◆ WHAT YOU ARE ASKED TO DO
Beginning with the line containing "9月17日(水)「白椿いきい" and ending at the last line of the data, set down every line exactly, leaving out all pictures.

◆ MATERIAL PROVIDED
........

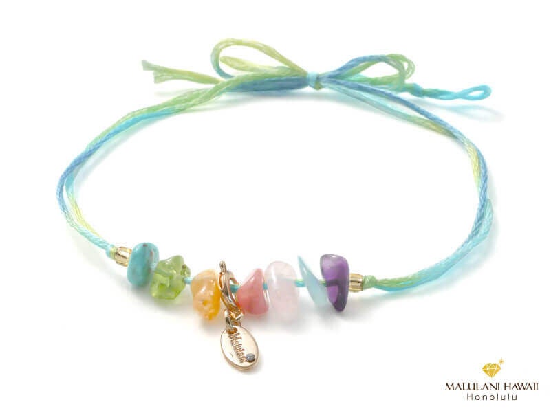 アメジスト、アクアマリン、ローズクォーツ、インカローズ、シトリン、ペリドット、ターコイズの、7つの石で仕立てたミサンガは、心が明るくなる華やかな優しさが魅力です。
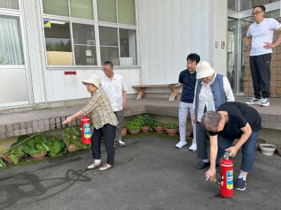9月17日(水)「白椿いきいき教室」の3時限目の活動があり、「防火訓練」と「ダリア園研修」を行いました。防火訓練では、避難訓練と消火訓練を行い、水消火器での消火活動を見事にこなしていました。
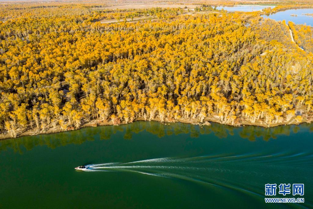 在新疆塔里木河畔的阿克苏地区沙雅县月亮湾景区,游客乘坐快艇欣赏胡杨美景(2020年10月22日摄,无人机照片)。新华社记者 胡虎虎 摄

........

◆ RESPONSE BELOW
9月17日(水)「白椿いきいき教室」の3時限目の活動があり、「防火訓練」と「ダリア園研修」を行いました。防火訓練では、避難訓練と消火訓練を行い、水消火器での消火活動を見事にこなしていました。
 在新疆塔里木河畔的阿克苏地区沙雅县月亮湾景区,游客乘坐快艇欣赏胡杨美景(2020年10月22日摄,无人机照片)。新华社记者 胡虎虎 摄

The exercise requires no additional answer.